» PROBLEM STATEMENT:
In the entries below, find the line with "This bingo card" and the line with "This red H&M"; reproduce those two lines and all lines between them exactly, without pictures.

*** DATA SHOWN ***

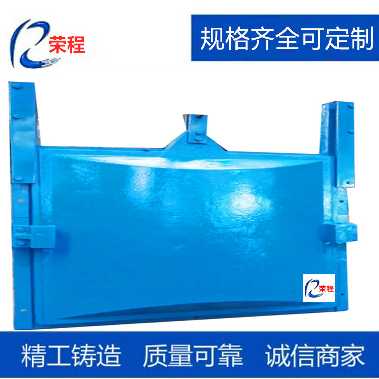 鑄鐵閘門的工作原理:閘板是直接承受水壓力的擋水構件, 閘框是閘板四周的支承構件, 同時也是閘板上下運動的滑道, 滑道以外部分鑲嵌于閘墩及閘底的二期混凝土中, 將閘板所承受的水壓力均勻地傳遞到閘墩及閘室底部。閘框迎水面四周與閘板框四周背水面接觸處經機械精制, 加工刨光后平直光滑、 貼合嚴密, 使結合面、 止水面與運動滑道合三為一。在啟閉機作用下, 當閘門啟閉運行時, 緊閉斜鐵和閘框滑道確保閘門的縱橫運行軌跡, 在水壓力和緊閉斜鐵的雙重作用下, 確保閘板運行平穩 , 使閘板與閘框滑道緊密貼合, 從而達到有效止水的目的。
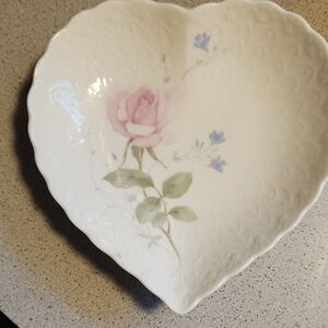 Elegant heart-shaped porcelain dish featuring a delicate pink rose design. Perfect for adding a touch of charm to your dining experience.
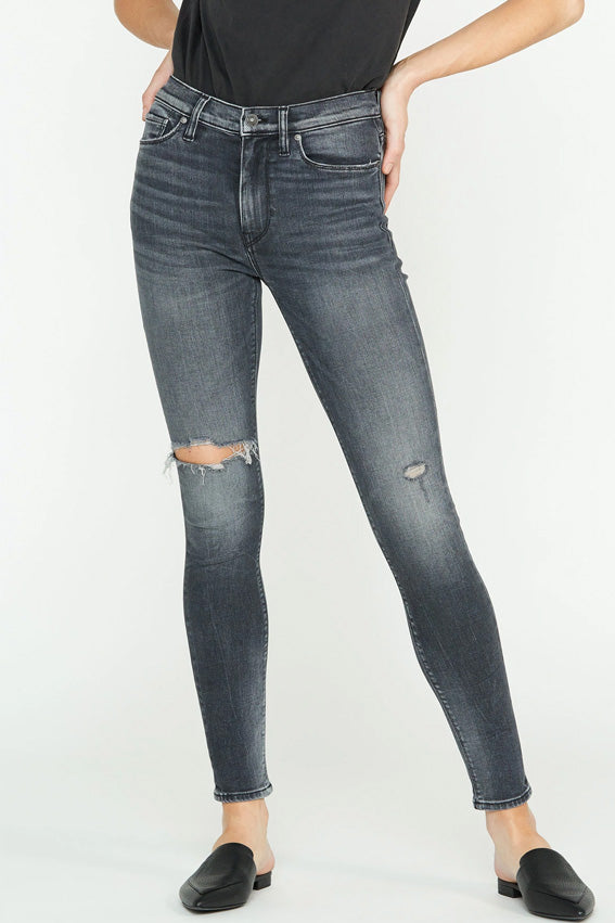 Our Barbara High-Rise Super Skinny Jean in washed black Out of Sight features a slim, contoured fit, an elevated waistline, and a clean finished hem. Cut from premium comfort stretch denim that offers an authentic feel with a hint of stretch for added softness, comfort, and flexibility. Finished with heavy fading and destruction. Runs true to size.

*** End of DATA SHOWN ***
*** DATA SHOWN ***

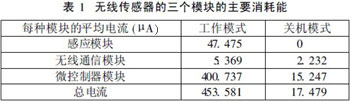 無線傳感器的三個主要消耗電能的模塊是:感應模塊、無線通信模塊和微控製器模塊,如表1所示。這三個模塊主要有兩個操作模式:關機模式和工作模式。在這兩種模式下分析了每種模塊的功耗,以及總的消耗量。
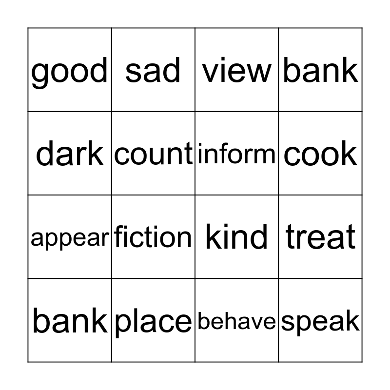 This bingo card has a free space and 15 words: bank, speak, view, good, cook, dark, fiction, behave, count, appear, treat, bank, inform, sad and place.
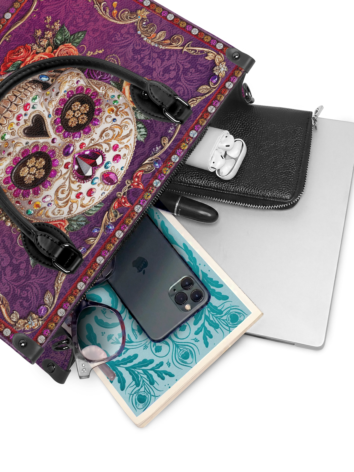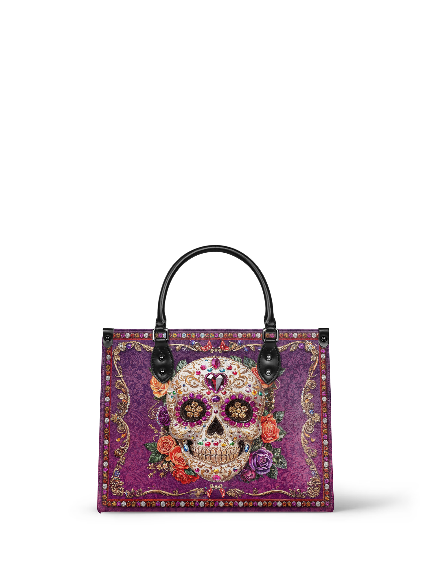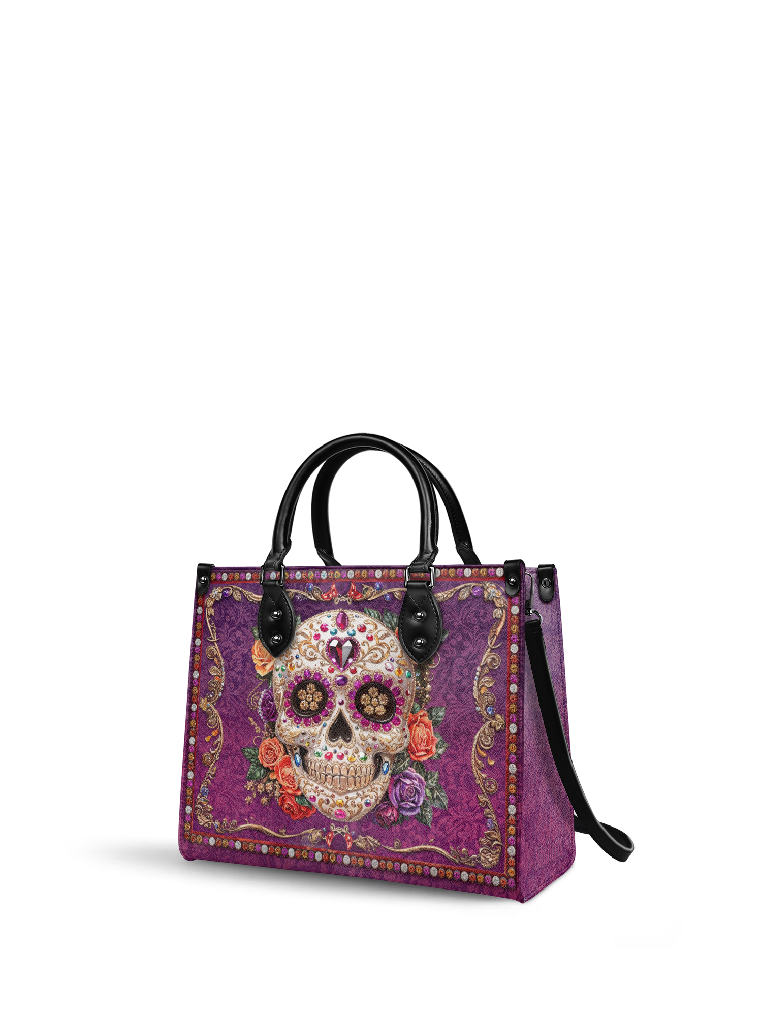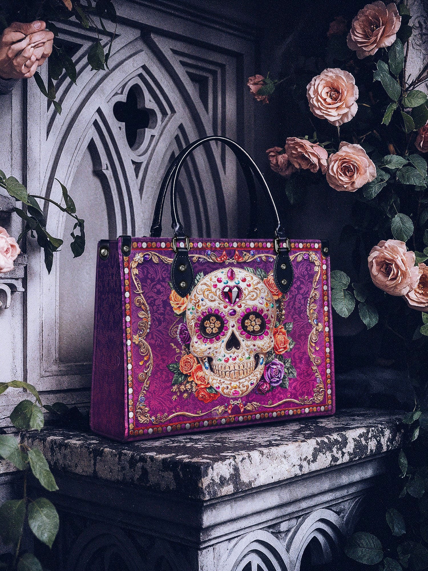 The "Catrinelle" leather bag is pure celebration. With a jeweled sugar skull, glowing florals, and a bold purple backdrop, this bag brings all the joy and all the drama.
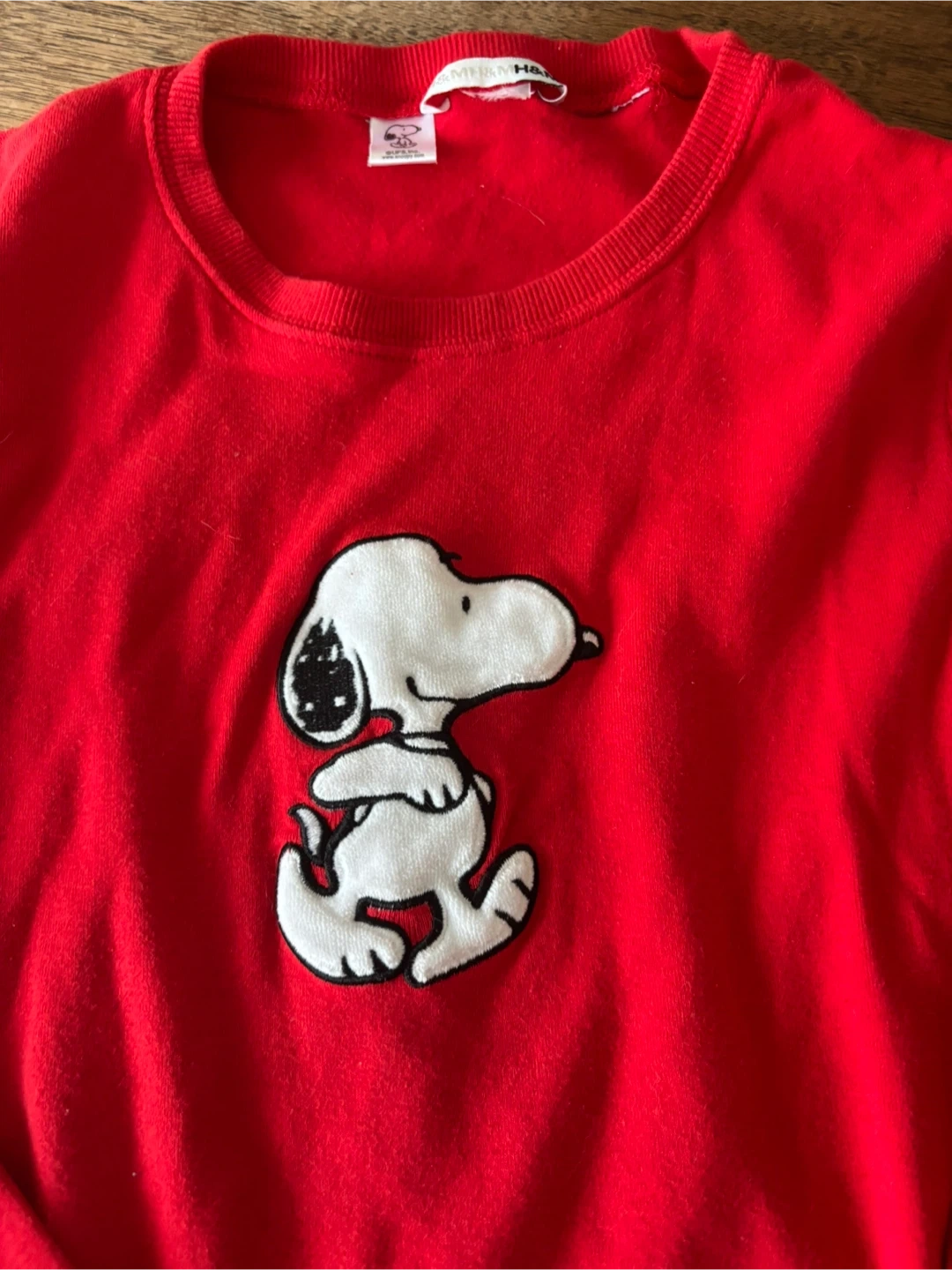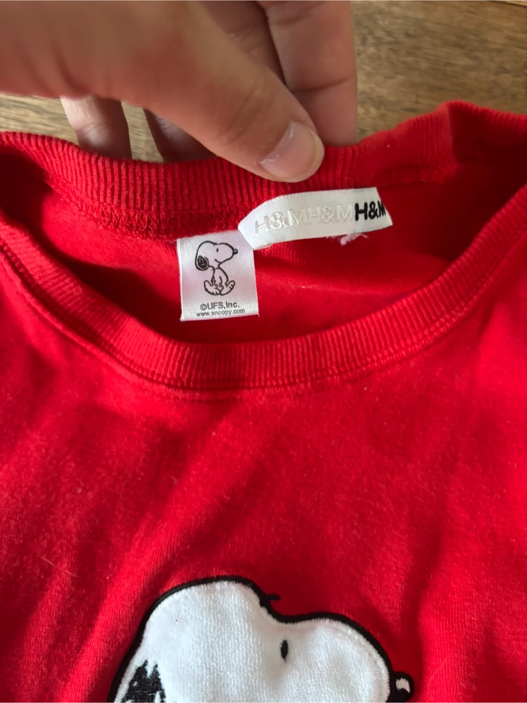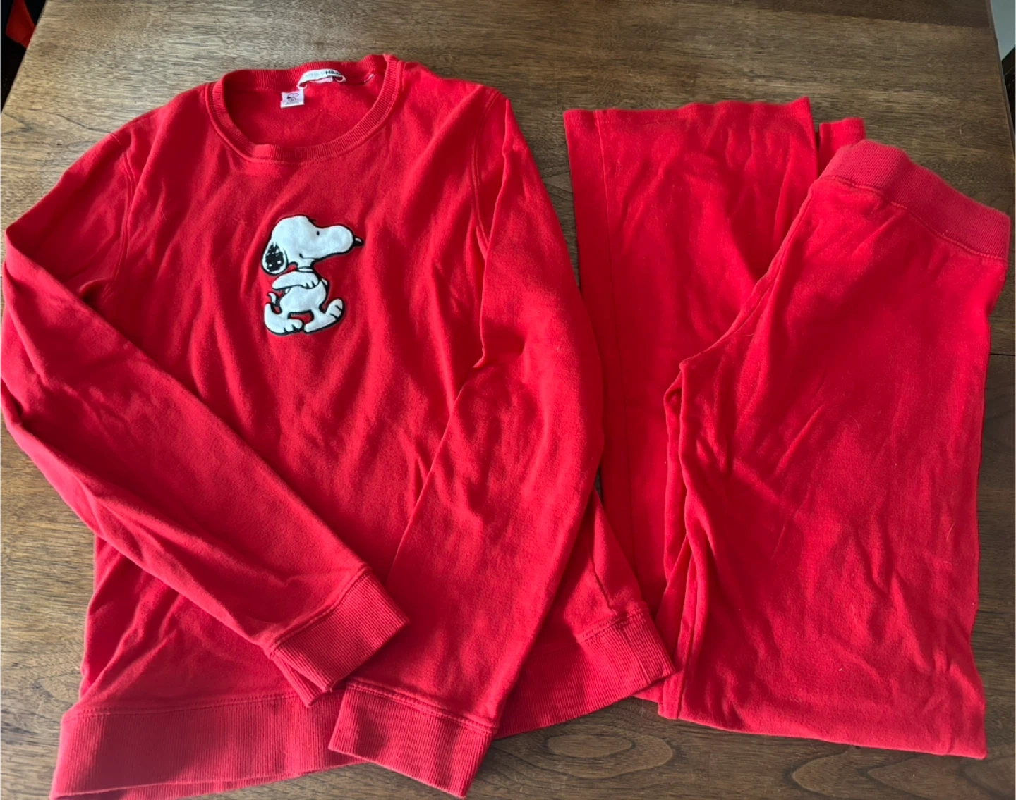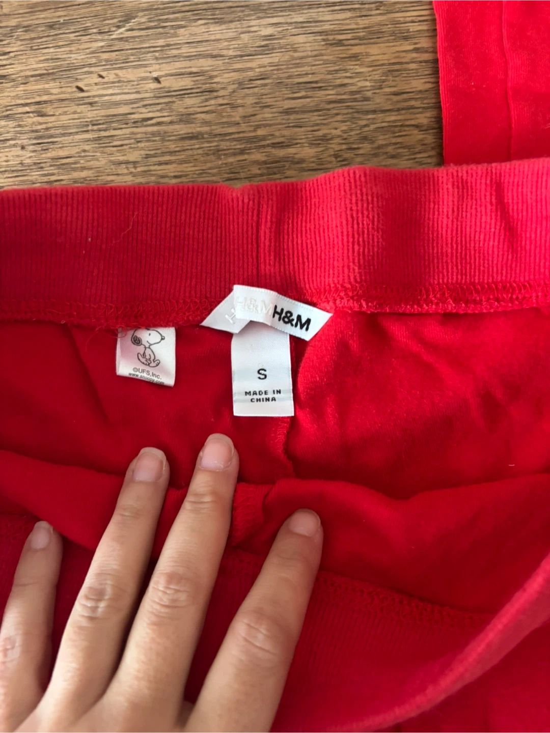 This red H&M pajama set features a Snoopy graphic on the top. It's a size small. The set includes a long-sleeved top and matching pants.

*** End of DATA SHOWN ***

» ANSWER BELOW:
 This bingo card has a free space and 15 words: bank, speak, view, good, cook, dark, fiction, behave, count, appear, treat, bank, inform, sad and place.
 The "Catrinelle" leather bag is pure celebration. With a jeweled sugar skull, glowing florals, and a bold purple backdrop, this bag brings all the joy and all the drama.
 This red H&M pajama set features a Snoopy graphic on the top. It's a size small. The set includes a long-sleeved top and matching pants.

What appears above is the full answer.